Return, word for word, only the lines of the data below that lie between the line with "Bepantol Derma Regenerador" and the line with "AI−powered analysis of", those two lines included.

*** Opening of PROVIDED RECORDS ***

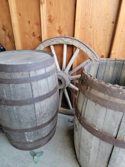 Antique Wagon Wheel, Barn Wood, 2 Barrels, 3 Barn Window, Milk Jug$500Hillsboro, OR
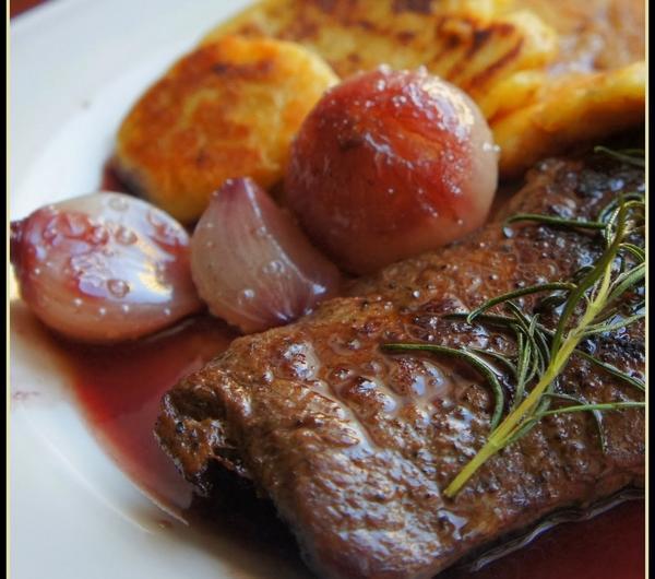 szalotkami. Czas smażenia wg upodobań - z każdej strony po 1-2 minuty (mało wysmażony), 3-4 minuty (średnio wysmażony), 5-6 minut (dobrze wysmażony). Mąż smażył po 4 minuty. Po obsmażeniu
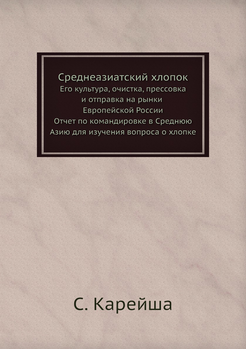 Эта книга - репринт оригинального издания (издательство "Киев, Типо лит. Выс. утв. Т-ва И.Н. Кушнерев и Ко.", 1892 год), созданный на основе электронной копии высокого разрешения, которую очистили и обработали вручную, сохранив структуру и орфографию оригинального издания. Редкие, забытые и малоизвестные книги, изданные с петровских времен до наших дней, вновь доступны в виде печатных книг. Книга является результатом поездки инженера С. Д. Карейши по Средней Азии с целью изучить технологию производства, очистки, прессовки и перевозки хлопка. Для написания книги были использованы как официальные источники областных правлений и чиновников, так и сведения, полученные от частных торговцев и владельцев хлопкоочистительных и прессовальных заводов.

*** Close of PROVIDED RECORDS ***
*** Opening of PROVIDED RECORDS ***

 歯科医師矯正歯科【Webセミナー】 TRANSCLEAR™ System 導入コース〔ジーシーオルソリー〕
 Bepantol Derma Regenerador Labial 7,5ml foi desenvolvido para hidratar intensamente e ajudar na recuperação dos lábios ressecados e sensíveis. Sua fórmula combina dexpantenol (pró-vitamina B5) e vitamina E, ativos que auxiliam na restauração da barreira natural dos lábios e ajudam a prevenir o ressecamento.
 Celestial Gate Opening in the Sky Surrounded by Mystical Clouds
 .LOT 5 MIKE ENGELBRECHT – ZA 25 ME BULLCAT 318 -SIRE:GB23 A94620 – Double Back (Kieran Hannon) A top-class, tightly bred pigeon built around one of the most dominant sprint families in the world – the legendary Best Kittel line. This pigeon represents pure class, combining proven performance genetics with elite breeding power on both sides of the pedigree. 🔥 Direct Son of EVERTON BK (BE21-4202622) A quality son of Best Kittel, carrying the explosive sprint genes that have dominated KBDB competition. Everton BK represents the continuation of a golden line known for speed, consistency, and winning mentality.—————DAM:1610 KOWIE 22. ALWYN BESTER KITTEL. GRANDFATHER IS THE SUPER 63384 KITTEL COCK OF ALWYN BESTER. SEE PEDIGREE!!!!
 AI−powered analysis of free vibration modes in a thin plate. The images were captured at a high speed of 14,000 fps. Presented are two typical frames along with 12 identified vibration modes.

*** Close of PROVIDED RECORDS ***
*** Opening of PROVIDED RECORDS ***

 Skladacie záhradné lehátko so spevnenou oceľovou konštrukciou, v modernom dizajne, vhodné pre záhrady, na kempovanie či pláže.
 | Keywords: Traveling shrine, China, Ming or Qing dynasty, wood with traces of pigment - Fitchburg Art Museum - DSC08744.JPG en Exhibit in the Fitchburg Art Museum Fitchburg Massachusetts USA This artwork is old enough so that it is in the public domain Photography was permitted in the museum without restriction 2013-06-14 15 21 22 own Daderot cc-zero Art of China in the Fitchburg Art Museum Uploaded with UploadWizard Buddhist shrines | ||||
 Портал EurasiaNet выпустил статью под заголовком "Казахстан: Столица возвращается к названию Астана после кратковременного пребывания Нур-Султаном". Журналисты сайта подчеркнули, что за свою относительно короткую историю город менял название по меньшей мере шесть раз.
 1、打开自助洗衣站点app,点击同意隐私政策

*** Close of PROVIDED RECORDS ***

| SOLVED EXERCISE |
 Bepantol Derma Regenerador Labial 7,5ml foi desenvolvido para hidratar intensamente e ajudar na recuperação dos lábios ressecados e sensíveis. Sua fórmula combina dexpantenol (pró-vitamina B5) e vitamina E, ativos que auxiliam na restauração da barreira natural dos lábios e ajudam a prevenir o ressecamento.
 Celestial Gate Opening in the Sky Surrounded by Mystical Clouds
 .LOT 5 MIKE ENGELBRECHT – ZA 25 ME BULLCAT 318 -SIRE:GB23 A94620 – Double Back (Kieran Hannon) A top-class, tightly bred pigeon built around one of the most dominant sprint families in the world – the legendary Best Kittel line. This pigeon represents pure class, combining proven performance genetics with elite breeding power on both sides of the pedigree. 🔥 Direct Son of EVERTON BK (BE21-4202622) A quality son of Best Kittel, carrying the explosive sprint genes that have dominated KBDB competition. Everton BK represents the continuation of a golden line known for speed, consistency, and winning mentality.—————DAM:1610 KOWIE 22. ALWYN BESTER KITTEL. GRANDFATHER IS THE SUPER 63384 KITTEL COCK OF ALWYN BESTER. SEE PEDIGREE!!!!
 AI−powered analysis of free vibration modes in a thin plate. The images were captured at a high speed of 14,000 fps. Presented are two typical frames along with 12 identified vibration modes.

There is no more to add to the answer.